Regiment chefs handling the heat
They say if you can’t stand the heat, get out of the kitchen.
But, for the chefs of the Royal Bermuda Regiment in sweltering hot Jamaica, deserting their posts with more than 200 hungry soldiers to feed three times a day, is not an option.
At Titchfield Camp in Port Antonio, the base for soldiers rotating through for grueling jungle warfare training, run with assistance from British Army and Jamaican Defence Force experts, a total of six chefs, two from the JDF, run the kitchens.
Private Royale O’Mara, a chef at the Fairmont Southampton in civilian life, said that working in basic conditions without extractor hoods or air conditioning was a challenge.
The 30-year-old, from Hamilton Parish, who was conscripted into the regiment six years ago and opted to stay on, added: “It’s got everything a kitchen needs, except a hood to take all that hot air out.
“It’s much more basic than we’re used to, but we make it work and our timings are good
“We do get tired, hot and sweaty, and we’re constantly drinking water: out here you can never drink too much water.”
But he said: “I’m liking my time here. I like the scenery, meeting new people and learning more about their culture and their cuisine.”
He added: “The troops are happy with the quality of food, which is great considering we have limited equipment to keep everything hot.”
The chefs get up at 4.30am to set up for breakfast and do not finish work until after dinner around 6.30pm in the evening.
At Titchfield, up to 130 breakfasts are prepared. A typical morning’s sitting uses six loaves, six large-size containers of fruit juice, six dozen eggs, 30 family-sized packets of bacon, gallons of milk and hot and cold cereal.
Chefs at the other camp at Twickenham ranges near Kingston produce the same amount of food in an even smaller kitchen, with one frying hundreds of eggs five at a time in a single frying pan.
Private Desrine Mowatt, 35, from Devonshire, who is originally from St Thomas in Jamaica, said the chefs had introduced Bermuda soldiers to Jamaican recipes like banana cornmeal and oat porridge for breakfast and salt fish and ackee.
She added: “It’s fine: the facilities aren’t as good as they are at Warwick Camp, but we manage. I’m from here, so I can manage the heat.”
Head of the kitchen, Colour Sergeant James Raynor, a 38-year regiment veteran, said: “We make out with what we have and what we bring with us. It’s hard work, but we enjoy it.
“And good food is important – it not only helps soldiers cope physically, it also keeps their morale high. And, in conditions like this, that’s crucial.”
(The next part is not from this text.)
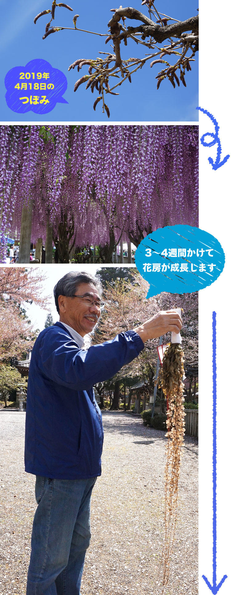 その藤が300年以上の歳月を経て見事なつるを伸ばし、毎年5月上旬から中旬にかけて、長いものでは1m以上にも達する花房が垂れさがり、開花の時期は連日多くの人でにぎわいます。
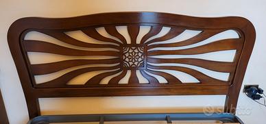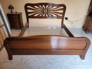 Svendo a prezzo PER AFFARE letto MATRIMONIALE in LEGNO MASSELLO di NOCE, lavorato da MAESTRI ARTIGIANI ITALIANI con intarsi e decori intagliati.

The 58-year-old school custodian from Southampton added: “The majority of the food is locally sourced. I always go a day ahead to place my orders and they have it ready the next day. It helps to support the local economy too, which is good.”
“The soldiers are very appreciative – they always ask for more, which is a good sign.”
Quartermaster Captain Kenneth Wainwright, in charge of logistics and catering, said: “The regiment marches on its stomach. If their stomachs aren’t full, the regiment doesn’t move. That’s how important it is.”
He added that the regiment being split between Titchfield Camp and Twickenham ranges in Spanish Town, near Kingston, 150 miles away over a massive mountain range, was an additional challenge for the catering team.
Captain Wainwright said: “There’s a lot of logistics that goes on behind the scenes. It’s the most aggressive we’ve ever been. But local suppliers have treated us well and our staff have worked very well in extremely tough conditions. It’s really tested them.
“I’m very proud of my team and I couldn’t ask for a better one.”